Who do you think you are?

The day before I boarded the ship, I was in the lobby of a hotel in Punta Arenas, doing what I do in hotel lobbies: eavesdropping.

Two older men were talking nearby. They had the easy confidence of people who have covered a lot of ground and are comfortable telling you about it. One leaned towards the other and asked, with what I can only describe as a little challenge in his tone, “Is this your last continent?”

Something in me tightened immediately.

What followed was the full performance. Continents visited, compared, ranked. “Asia is my favourite continent,” delivered with the certainty of a verdict. In my journal that night I wrote: You’re not my people, please stop talking. And then, because I am usually honest with myself in that notebook, I wrote this too: I can’t believe I’m setting sail to Antarctica tomorrow. Who do I think I am?

Looking at it now, I was asking the same question, just in a different way.

His version was outward-facing. Who are you to have this? What have you done to earn it? Prove your credentials. Mine was internal, but not unrelated. More anxious than performative. The familiar sense that something is too big for me, too much, that I am reaching for an experience that belongs to someone else. Someone bolder. More certain.

I have been asking that question for a while, really. Since I handed in my notice in November 2024.

Part of what irritated me so much in that hotel lobby was not only the conversation itself. It was the mindset underneath it. The flattening of experience into comparison. The urge to turn a place into proof. I do not want to play location bingo with other people, and I do not want to do it with myself either.

Five days later, I was in a sea kayak in Flandres Bay, in a quiet so complete all I could hear was my own breathing and my paddle breaking the surface of the water.

The plan had changed, then changed again.

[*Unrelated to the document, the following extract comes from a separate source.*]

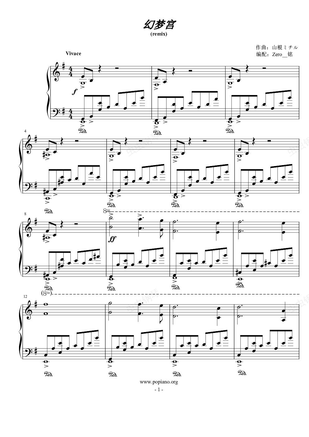 钢琴谱:【摇滚版】幻梦宫(remix)——恶魔城

The expedition leader and the captain had tucked us into a sheltered bay out of the weather. Not on the original itinerary. A gift the place offered instead. Two sleeping humpback whales were drifting nearby. We drifted too. No one spoke. I cried.

We were close enough that when they exhaled, I felt it on my face. A warm mist, animal and enormous. And then the smell. Krill breath. The actual breath of a whale smells exactly like what it is: a creature that has been eating the ocean.

The water was so still it looked like glass. So many shades of blue I did not have names for. In places, the surface had a slightly different viscosity, oily, more resistant. I learned later that this is the signature of whale poo. I want to include that detail because it feels strangely important. The extraordinary and the mundane, sharing the same bay.

You cannot turn a moment like that into a performance. You are either there or you are not. You cannot rank it. You cannot improve it by having been to six continents beforehand. It just happens. And then it is part of you.

Later that day, back on the ship, I did the polar plunge.

I had promised myself I would. I had said it out loud to enough people that backing out would have required a different kind of performance. By the time they were strapping the belt onto me, I did not want to do it anymore. By the time I reached the bottom step, I had fully changed my mind.

You can see all of that written clearly on my face in the photos.

The expedition team were kind but firm. I was already there. The photographer was nearby. I turned towards him and cried. A small cry. Brief. Pulled back almost immediately. Not panic. Not distress exactly. More the cry of someone who has reached the edge of something and would, in that moment, very much prefer to stay comfortable.

Then the count. Three, two, one.

I jumped.

The cold was instant. Proper shock. The water was saltier than I expected. I kicked my legs, surfaced, and that was that. A classic case of the anticipation being worse than the reality. Though only just.

I had left an almond milk cappuccino in my locker. I drank it while drying off and popping my dressing gown back on, then went straight to the hot tub, where my kayaking buddy was also recovering. Sunshine, steam, calm conversation. I was completely done after that.

No regrets. No desire to repeat it.

I have been thinking about that small cry ever since.

Part of it was fear, obviously. Part of it was that I did not want to do it. But I think what got me most was the anticipation. The threshold moment. The build-up in which your mind gets louder and louder and the thing in front of you starts to feel too big, and you start to feel too small.

That cry was not really about the water. It was about the moment before the water. The last chance to back out. The point at which I had stopped pretending to be ready and was just being honest. And then I did it anyway.

Not because I suddenly felt transformed. Mostly because the count started and I jumped. And once I was in, it was cold and shocking and over quickly.

Who do I think I am?

It can sound like judgement. It can sound like self-doubt. It can sound like a quiet attempt to put yourself back in your place before anyone else gets the chance. But between the hotel lobby, the krill breath, the glass water, the whale poo, the bottom step, and the almond milk cappuccino in the locker, the question shifted for me.

I do not need to have earned Antarctica through prior continents, adequate credentials, or a particular kind of courage. I am allowed to have gone. I am allowed to be the kind of person who goes to Antarctica. I am allowed to have cried at the bottom step and jumped anyway.